# pothole + no power steering = PISSED



## copperlite (Oct 12, 2004)

so I was driving along and I hit a monster crater. I felt the car bottom out, so i kept an eve on my oil light just incase i cracked my pan or something. I parked the car, started it after 30 mins. and I feel there's no power steering. I look under the car and plop, plop, plop, there's a big puddle of red liquid under my car. So I just parked it in the garage and took a look at it. I see the area where it's leaking from but I can't pinpoint it. There's like 4 different lines down there, and all of them are covered in fluid. I'm really frustrated because i cant even stick my hand down there to wipe them down, and even if i could there's no room to stick a friggen towel b/w them. I really don't want to have to take out the rack b/c i have a 4wd sentra and it'll be a major pain.

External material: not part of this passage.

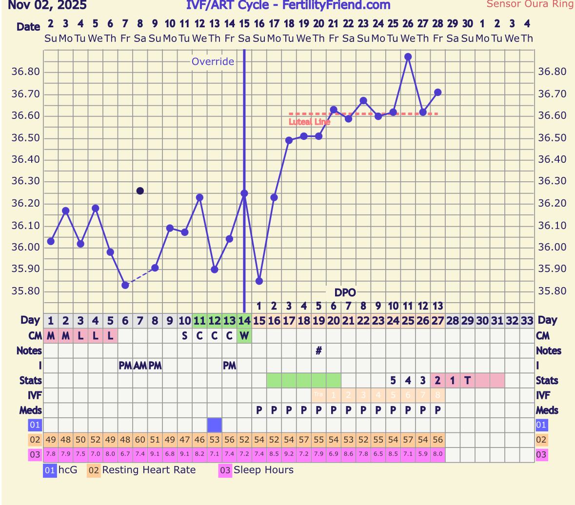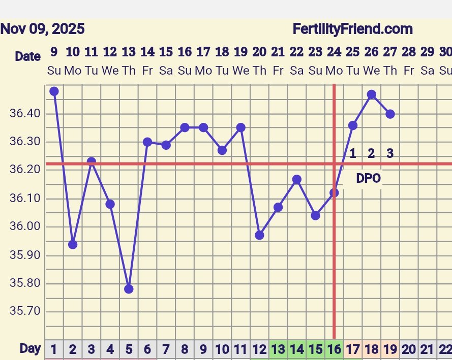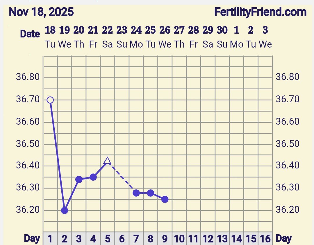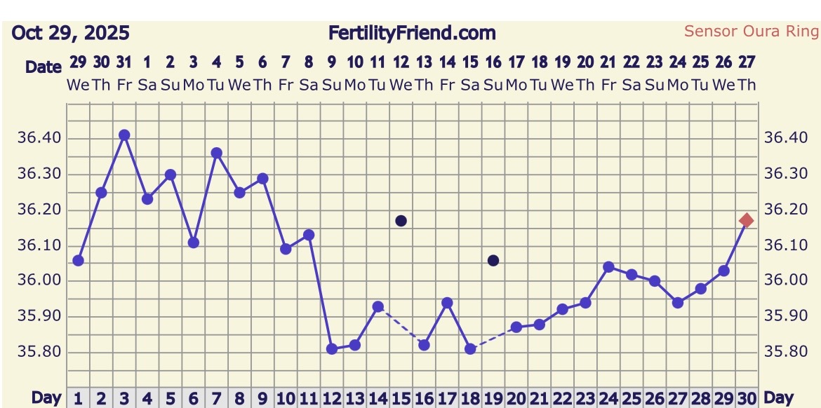 Höh mulla jäi eilisen lämpöpomppu yksittäiseksi ja tänään palasi hinuttamaan tuohon luteaalilinjalle 😅 Edelleen olo tosi hyvä, ajattelin lähteä taas tänään jumpalle ettei pää ihan hajoa. Jostain syystä heräsin tänään ennen kuutta ilman kelloa, mut kuitenkin unta tuli melkein 6h, niin ei pitäisi olla vaikutusta lämpöihin. On kyllä vähän sellainen olo, että ihme jos tästä plussa tulee. Luulisi, että tässä vaiheessa pitäisi olla edes jotain oireita tai tuntemuksia 😅
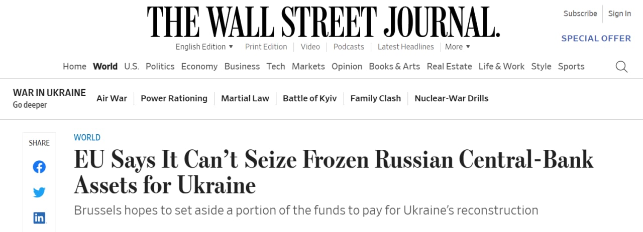 14.20 В ЕС признали, что не могут конфисковать замороженные активы Центробанка РФ из-за действия международного принципа государственного иммунитета, пишет The Wall Street Journal.

Does anyone have any suggestions on how I should go about finding the leak???


----------



## copperlite (Oct 12, 2004)

I should add that the boot is ripped on the drivers side, which is AROUND where the leak is, but it doesn't seem like fliud is comming from there.


BTW thanks guys!


----------



## cmack (Jan 13, 2004)

i feel your pain so far i've hit many potholes and... blew the front struts, got myself a nice power steering leak, dented oil pan (leaks about 1 litre/day) and last but not least screwed the inner tie rod(s) and messed my allingement right up.....  bye bye brand new winter tires

wish i could help ya out but i just parked it for now, no $$$ to fixer up so i haven't even bothered looking at it


----------



## copperlite (Oct 12, 2004)

haha, yeah i was acually driving downtown to pick up parts to fix our other car when this happened. Does anybody know if i can rebuild the rack myself if i can get it off? I was looking at an exploded view of my rack and i think it is possible that i blew the oil seal out at one end.


----------



## WhiteFox (Sep 4, 2002)

Just go without it.. it's a great workout for your arms :thumbup:


----------



## WoLfFaNgZ (Nov 8, 2004)

u should just live without power steering my sentra never came with power steering


----------